【リオデジャネイロ9日=又吉俊充】2000年のシドニー五輪女子重量挙げに出場し7位入賞した平良(旧姓仲嘉)真理さん(40)=沖縄工業高校教諭=が、リオデジャネイロ五輪日本代表コーチとしてチームに帯同している。三宅宏実選手(30)ら女子選手のサポートに加え、男子62キロ級に出場した糸数陽一選手(25)=警視庁=のセコンドにも付き、4位入賞を支え「縁の下の力持ち」になっている。

教え子の糸数陽一選手(左)の健闘をたたえる平良真理コーチ=9日午後、リオデジャネイロ(又吉俊充撮影)

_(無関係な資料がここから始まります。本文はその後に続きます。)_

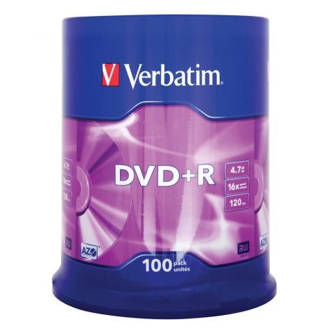 Диск DVD+R Verbatim 4,7 Gb 16x, Cake Box, 100шт (43551)
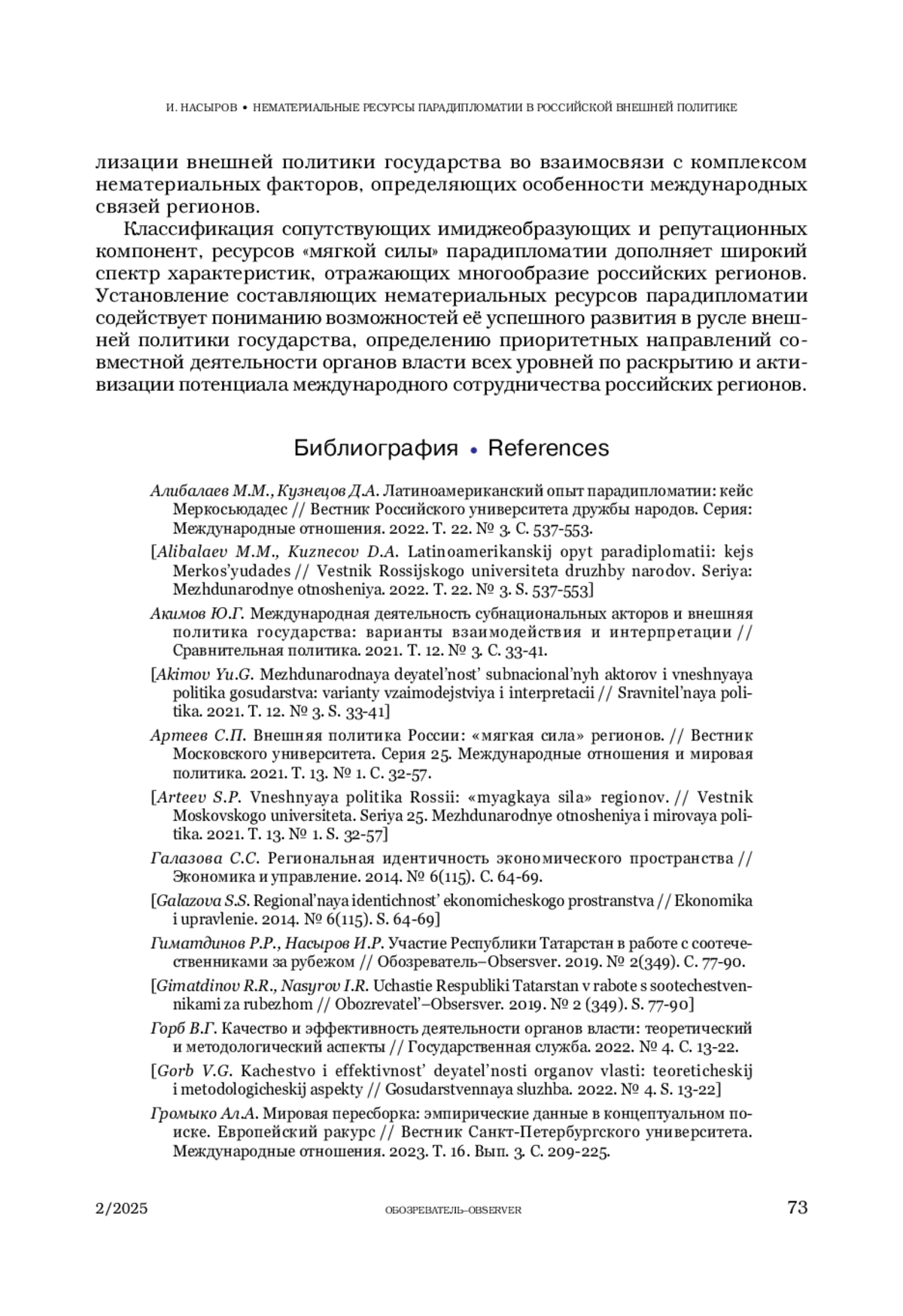5. Гиматдинов Р.Р., Насыров И.Р. Участие Республики Татарстан в работе с соотечественниками за рубежом // Обозреватель-Obsersver. 2019. № 2(349). С. 77-90.
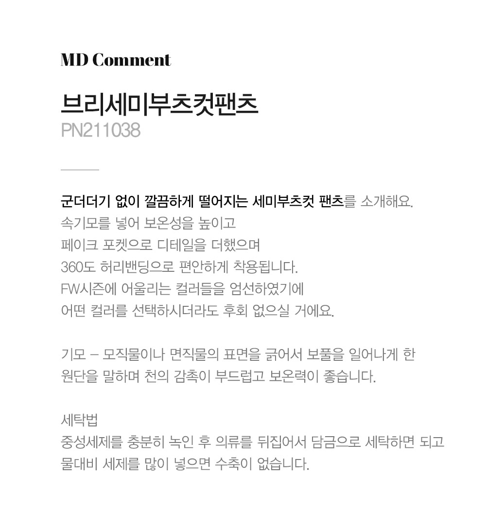 마담4060의 모든 의류 제품은 처음 1~2회 드라이크리닝을 권장합니다.
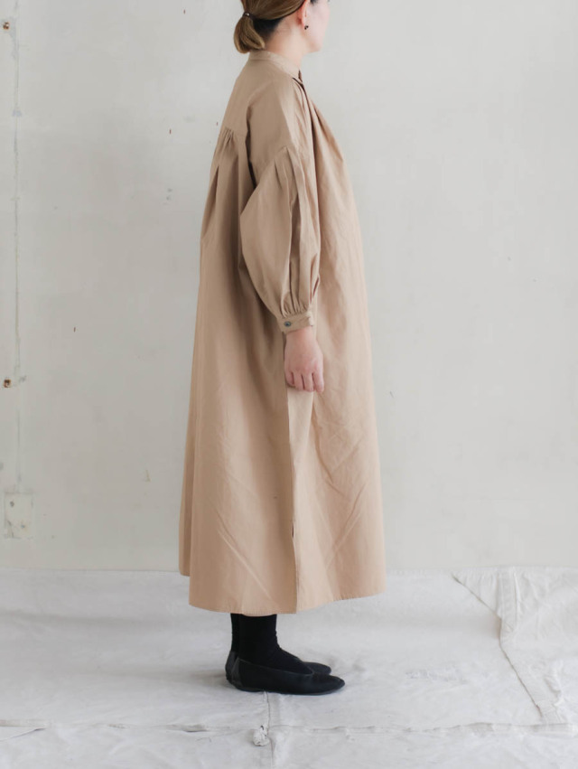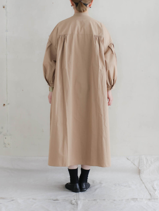 コンパクトウェザータックギャザーシャツワンピース(ベージュ)

 糸数選手が出場した8日の試合。中国の有力選手が思うように力が入らず、途中棄権するシーンがあった。平良さんは「減量で水分を抜いた際、塩分も抜けたため、脚がつったのでは」とみる。

 日本男子のエース・糸数選手も同様に腕や太ももをつることがあった。そんな糸数選手のために平良さんが沖縄から持参してきた乾燥梅干し「スッパイマン」。減量の最終段階で、唾液を出しつつ塩分を取るのが狙い。時期が早すぎても良くない最後の手段、と前置きし「私も梅干しを食べて減量に役立てていた。沖縄パワーですね」と笑う。

 教え子の糸数選手も「先生にセコンドに付いてもらって心強かった。楽しんで、思い通りの試合でいいよ、と言われて自分らしいパフォーマンスができた」と感謝する。

 女子選手も平良コーチを慕う。2大会連続でメダルを手にした三宅選手は、指導者で父、1968年メキシコ五輪銅メダリストの義行さん(70)と衝突し“家出”した2009年、平良さんを頼ったこともある。リオではコーチとして三宅選手を支えた平良さんは「減量と戦い、腰痛もありながら、精神力でメダルを取ることができた。本当に信じられない」と精神面での成長を感じたという。

 10日にリオを離れ、帰国の途につく平良さんは「県内でもジュニアの子たちが頑張っている。リオでの経験を沖縄、全日本での指導につなげたい」と意欲を語った。